The four specific issues Washington is discussing with India and Pakistan are the test ban treaty, the treaty halting fissile material production, restraining nuclear technology transfers and production and deployment of nuclear weapons. Pakistan's Foreign Secretary Shamshad Ahmed told reporters in New York that Islamabad was willing to sign CTBT the moment Washington waived economic sanctions. ``We cannot take a decision as long as there is this atmosphere of coercion, and economic sanctions,'' he added.

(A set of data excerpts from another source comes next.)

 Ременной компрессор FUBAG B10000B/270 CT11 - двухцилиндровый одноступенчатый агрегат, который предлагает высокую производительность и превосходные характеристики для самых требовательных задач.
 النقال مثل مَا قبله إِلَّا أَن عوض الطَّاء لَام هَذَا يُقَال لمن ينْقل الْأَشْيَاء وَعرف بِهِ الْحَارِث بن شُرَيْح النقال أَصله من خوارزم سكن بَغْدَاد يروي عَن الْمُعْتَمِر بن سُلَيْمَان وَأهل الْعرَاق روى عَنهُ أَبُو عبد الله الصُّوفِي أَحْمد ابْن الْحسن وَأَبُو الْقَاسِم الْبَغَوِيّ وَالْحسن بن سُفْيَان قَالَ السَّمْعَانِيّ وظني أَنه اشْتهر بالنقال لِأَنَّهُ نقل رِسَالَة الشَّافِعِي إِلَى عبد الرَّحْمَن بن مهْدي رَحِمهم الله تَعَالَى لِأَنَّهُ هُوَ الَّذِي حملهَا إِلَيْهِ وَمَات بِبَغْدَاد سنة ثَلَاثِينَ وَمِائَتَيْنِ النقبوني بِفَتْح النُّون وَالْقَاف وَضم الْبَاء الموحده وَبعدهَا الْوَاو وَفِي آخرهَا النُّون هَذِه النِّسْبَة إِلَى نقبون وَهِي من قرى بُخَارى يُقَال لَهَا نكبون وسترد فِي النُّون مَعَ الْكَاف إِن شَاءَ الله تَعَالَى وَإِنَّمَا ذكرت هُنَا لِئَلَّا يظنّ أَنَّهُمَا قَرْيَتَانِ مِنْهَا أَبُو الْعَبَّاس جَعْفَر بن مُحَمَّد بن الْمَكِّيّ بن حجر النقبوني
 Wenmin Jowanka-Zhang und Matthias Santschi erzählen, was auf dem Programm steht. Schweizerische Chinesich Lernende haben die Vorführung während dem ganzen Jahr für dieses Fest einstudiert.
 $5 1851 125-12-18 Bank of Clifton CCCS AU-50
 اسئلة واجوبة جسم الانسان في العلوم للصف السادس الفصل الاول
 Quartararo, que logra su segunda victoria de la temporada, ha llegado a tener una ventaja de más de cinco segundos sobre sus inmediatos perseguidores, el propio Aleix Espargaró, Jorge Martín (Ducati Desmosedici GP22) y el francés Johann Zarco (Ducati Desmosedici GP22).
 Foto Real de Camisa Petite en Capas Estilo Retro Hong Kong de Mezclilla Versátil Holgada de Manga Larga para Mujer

However, sources said President Clinton did not make any firm commitment about sanctions -- which is in the hands of the Congress -- although Washington has a handle on Pakistan because of the latter's perilous economic situation. In fact, some US officials expect Prime Minister Nawaz Sharif to announce Islamabad's decision to sign the CTBT in his speech to the UN General Assembly on Wednesday because Islamabad's parlous economic position needs urgent attention.

The dealwith India is proving more difficult to clinch because it does not hinge only on sanctions waiver. New Delhi is weighing a whole range of strategic concerns in the long term and engaging far more deeply with Washington, sources said. The clutch area, sources said, was India's concept of minimum credible deterrence, especially in production and deployment of nuclear weapons.

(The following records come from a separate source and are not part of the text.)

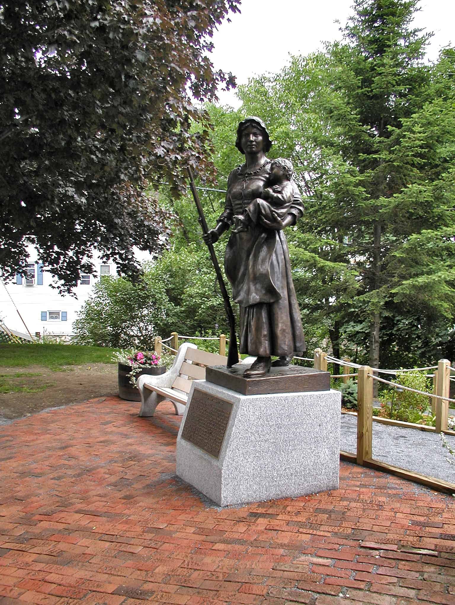 Molly Stark was the wife of General John Stark and the mother of 11 children. During the American Revolution, she was always ready to support John and his troops, such as being their nurse when many developed smallpox and opening up their home as an infirmary. She is shown here with a baby in one arm, a flintlock musket in the other, and striding forward. The over life-sized sculpture is located on the historic Molly Stark Trail in Wilmington, Vermont.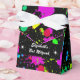 Beautiful favour box with bright neon splashes of paint. Sparkling stars add glitz and glam to this lovely box. Perfect for Bat / Bar Mitzvah, Sweet Sixteen or any celebration. Select your favourite font and colour. Bow can be changed to purple black or pink.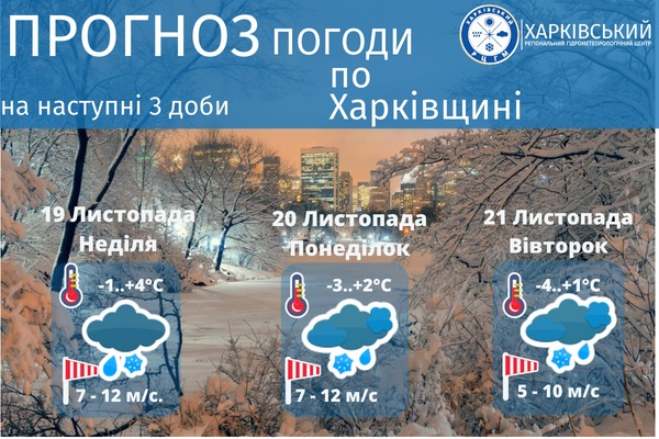 Погода на Харківщині 19 листопада: насувається снігопад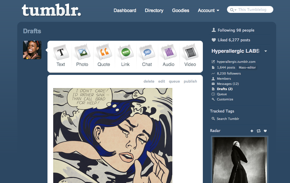 You don’t even need to sign up for Tumblr to view LABS — you can read and comment on our tumblelog itself without having your own Tumblr account. Still, most people read Tumblr posts on their dashboards, the Tumblr homepage. The dashboard serves as a chronological aggregate of all the tumblelogs your account follows, like an RSS feed reader just for tumblelogs, or a Twitter with images and video added in.
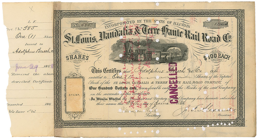 Co-founder of Anheuser-Busch (1839–1913). Rare partly-printed DS, signed “Adolphus Busch & Co.,” one page both sides, 11.25 x 7.25, June 29, 1868. Certificate for one share of stock in the St. Louis, Vandalia, and Terre Haute Rail Road Company issued to “Adolphus Busch and Co.,” signed on the reverse by Busch transferring the stock to George Dausmause. A portion of the receipt is affixed to the left edge of the certificate. In very good condition, with intersecting folds, one through a single letter of signature, machine cancellations, a cancelled stamp and ink notation to front, and some scattered light toning. Uncommon in any form, this is the first Busch autograph we have ever offered. RR Auction COA.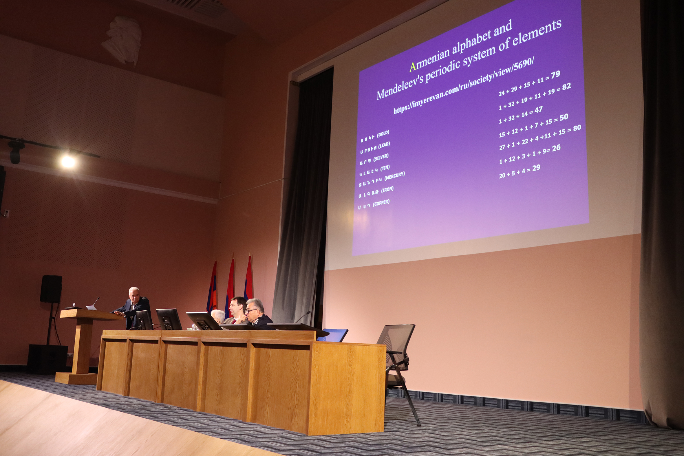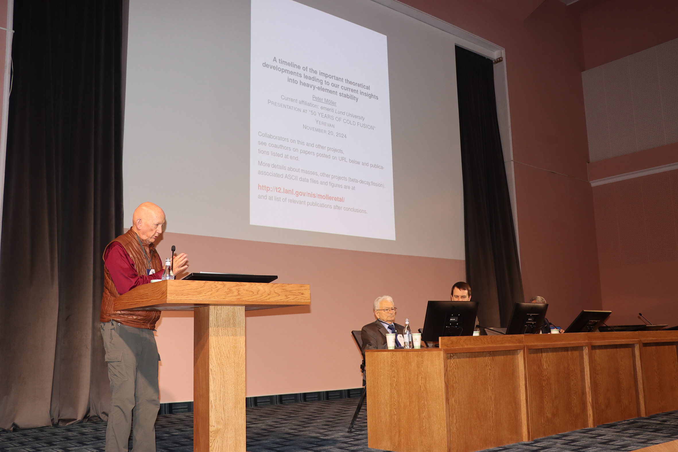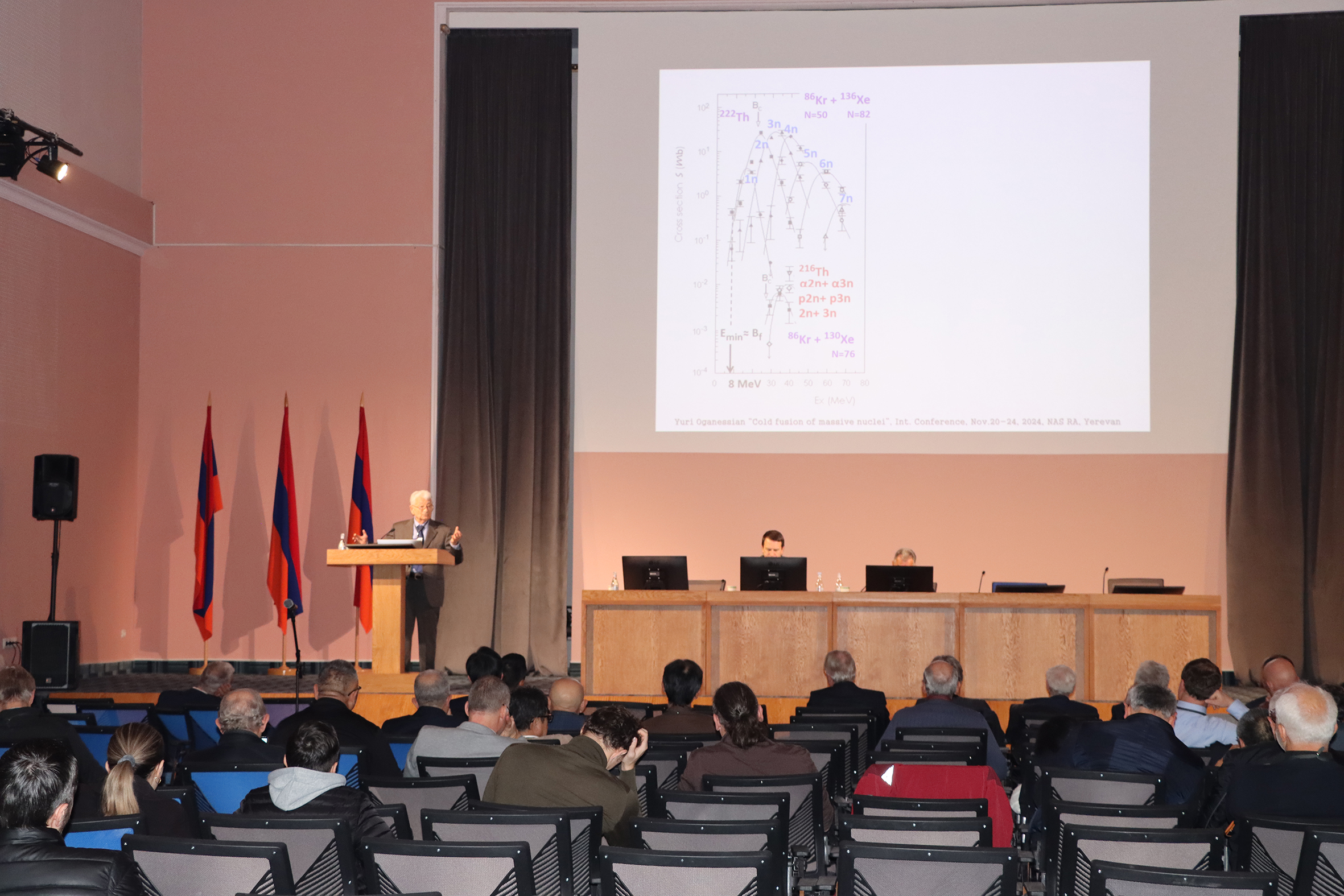 Президент Национальной академии наук Республики Армения Ашот Сагян в своей речи рассказал о деятельности и структуре НАН РА. «Наша Академия проводит важнейшие исследования мирового значения в области астрофизики, информационных технологий, прикладной математики и механики, физики, химии, биологии, арменистики и ряда других научных направлений», — отметил он. Ашот Сагян акцентировал, что Академия сегодня принимает у себя многих ученых с мировым именем из разных стран, сотрудничество с которыми оценивает очень высоко. «Этот симпозиум, посвященный 50-летию открытия реакций холодного синтеза, — хорошая возможность не только вспомнить прошлое, но и рассмотреть всю проблему синтеза сверхтяжелых элементов с современных позиций и возможностей», — сказал президент НАН РА.

Despite this, Prime Minister Vajpayee in his address to the UN, is expected to declare India's binding commitment to the CTBT, though he won't announce the signing. In Washington meanwhile, Deputy Secretary Strobe Talbott and special envoy Jaswant Singh are meeting again for the sixth time on Tuesday evening to narrow the last areas of difference between the two sides.

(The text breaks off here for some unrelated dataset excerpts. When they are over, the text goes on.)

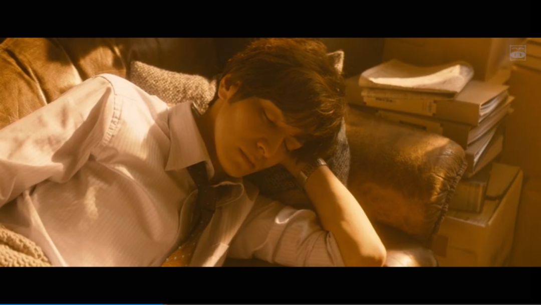 告白这一幕当然要拍出美感~~夕阳洒进微风吹过的房间,男主正在沙发上睡觉(不要纠结为什么在办公室睡觉以及为什么睡觉不关门的问题),摆了个美美哒睡美男POSE。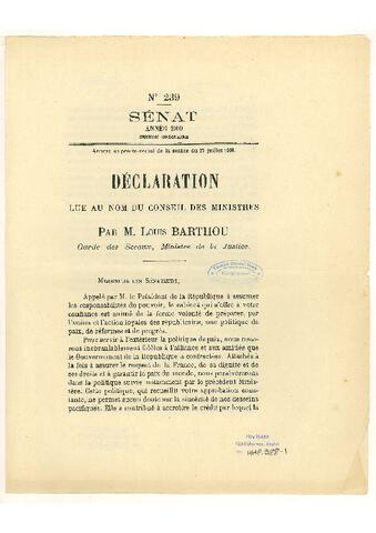 Fransa'nın iç meseleleri ile ilgili senato görüşmelerinin tutanakları.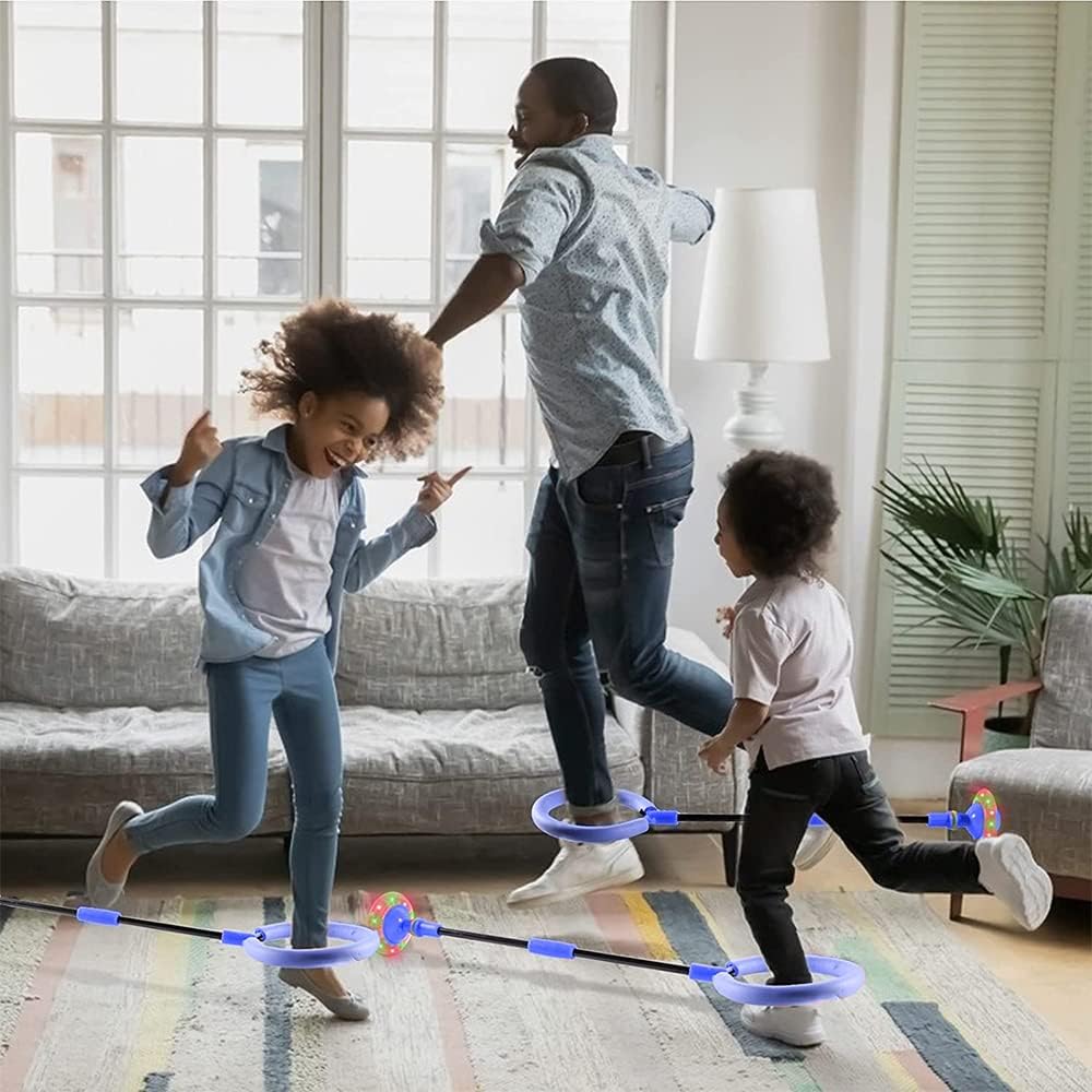 【Combinazione perfetta】: la lunghezza totale è di 62 cm, che può essere piegata a 30 cm. Viene fornito con una copertura protettiva in spugna morbida (ricordarsi di fissarla prima dell'uso per proteggere le caviglie) e una custodia portatile, che è più comoda da trasportare e riporre. Aiuta a migliorare la coordinazione e le capacità motorie del tuo bambino. 【Materiale di sicurezza】: realizzato con materiali ecologici in PP e PVC, è sicuro da usare. Ridurre il rumore ed evitare danni al pavimento. Consigliato per bambini dai 3 anni in su. (materiale ecologico, riutilizzabile) 【LED integrato】: Flash (design induttivo), la rotella di scorrimento si accende e si accende automaticamente, soprattutto di notte. Gli adulti possono anche giocare con i bambini. Questo è un gioco molto divertente e salutare per migliorare il rapporto tra te e tuo figlio! 【Utilizzo】: prima posizionare l'anello della coda su un piede e poi ruotarlo in avanti o indietro. Ruotare la barra verso l'altro piede, sollevare l'altro piede e pedalare con entrambi i piedi. Una palla rimbalzante per allenare e giocare che i tuoi bambini adoreranno! 【La scelta migliore per gli sport indoor o outdoor】: saltiamo insieme, questa palla da salto aiuterà i tuoi bambini a rimanere attivi e in salute. È il miglior regalo per bambini, compleanni, Natale, Capodanno.

Their already complex talks have been aggravated by the bizarre political developments in Washington that has diluted the power and affected the focus of the Clinton administration. One of the tracks leading to the Indo-US deal was to have been a legislative move in theCongress which would have given President Clinton a sanctions waiver authority so that his mandarins could use it as a carrot to draw India and Pakistan into an agreement.

But thanks to the explosive political situation here because of the sex scandal, the Congress is finding it difficult to focus on this issue. Besides, the Republican hardliners are now loathe to give any authority on any issue to a man they see as a lame-duck President without any moral authority to rule the country.

On Tuesday morning, Jaswant Singh was in the Capitol meeting Jesse Helms, the powerful Senator who lords it over foreign relations issues on the Hill, along with other members of the international relations committee. In a situation where the executive has been rendered weak and infirm because of the sex scandal, the American Congress has become even more powerful. Singh has always been dealing with the administration and his foray to the Hill is his first, a sign of the changing atmosphere in Washington.